When building pipelines, you will often use shared transform nodes between multiple outputs. This logic is typically recomputed once for each output. With checkpoints in Pipeline Builder, you can mark transform nodes as “checkpoints” to save intermediate results during your next build. Logic upstream of that checkpoint node will be computed only once for all of its shared outputs, saving compute resources and decreasing build times.
Checkpoints are only available in batch pipelines. Outputs must be in the same job group for checkpoint nodes to improve pipeline efficiency. Learn more about job groups in Pipeline Builder.
Below is an example pipeline that produces two outputs: Attachment
and Request
. The transform node Checkpoint
is shared between the two outputs. In this current state, the logic nodes Clean
and Checkpoint
would be computed twice, once for each output.

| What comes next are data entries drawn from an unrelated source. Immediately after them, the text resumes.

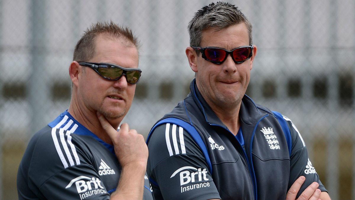 Photo: England director of cricket Ashley Giles and former bowling coach David Saker during a nets session in 2013 (Getty Images)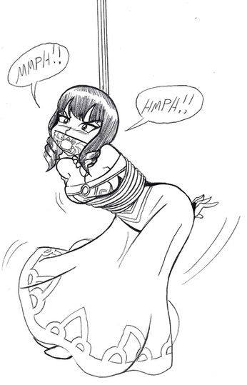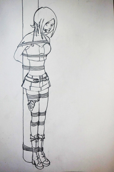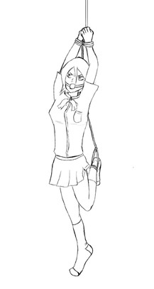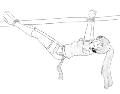 The eleventh of twenty five pictures I accepted as a Christmas Request.Mitsuru, tied to a pole. That's supposed to be water on the floor, although it's hard to tell with black and white.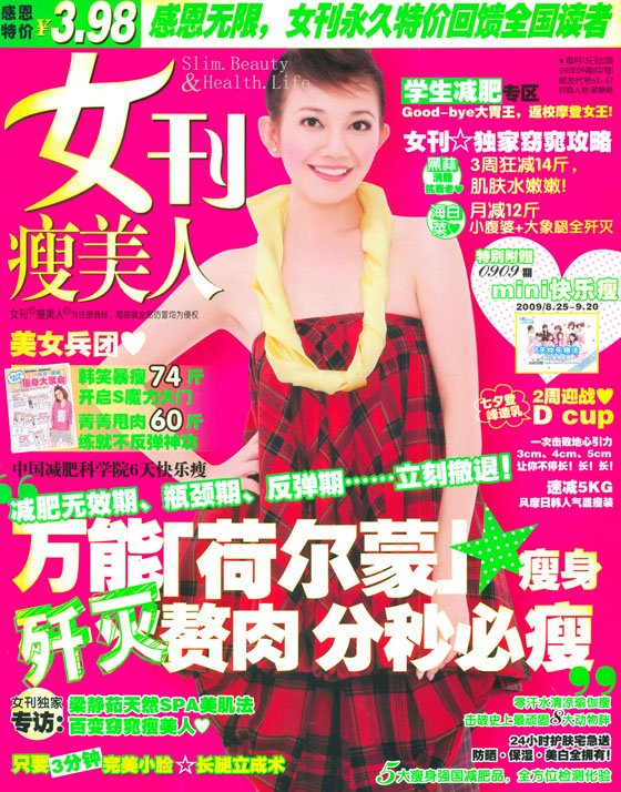 《女刊-瘦美人》是中国发行量最大的瘦身美容杂志。本刊着意打造中国最专业·专注·原创·权威的瘦身美容杂志,帮助每位女性成功减肥,塑造美丽自信!无论你是猜疑,还是一点不信,事实上《女刊瘦美人》已经被很多青春少女奉为瘦身宝典。

However, we want to only compute Clean
and Checkpoint
once for both outputs. To do this, right-click on Checkpoint
and select Mark as checkpoint.
A light blue badge will now appear in the top corner of the Checkpoint
node.
Now, add both outputs to the same job group to verify the checkpoint behavior. Right-click one of the outputs (Request
) to Assign job group. Choose New group to open the Build settings panel.
Since the datasets are in different job groupings by default, the checkpoint will be recomputed for each output, negating any benefits. To fix this, add the other output (Attachment
) to the same job group by selecting the output, and then selecting Add to group... at the bottom of the panel.
Learn more about configuring nodes in Pipeline Builder with color groups and job groups.
Checkpoints push the entire result of a transform to storage, such as the Hadoop Distributed File System (HDFS). For example, if you checkpoint a join, the entire result of the join will be output to storage. This can result in a large amount of data being stored, even if the dataset output is small.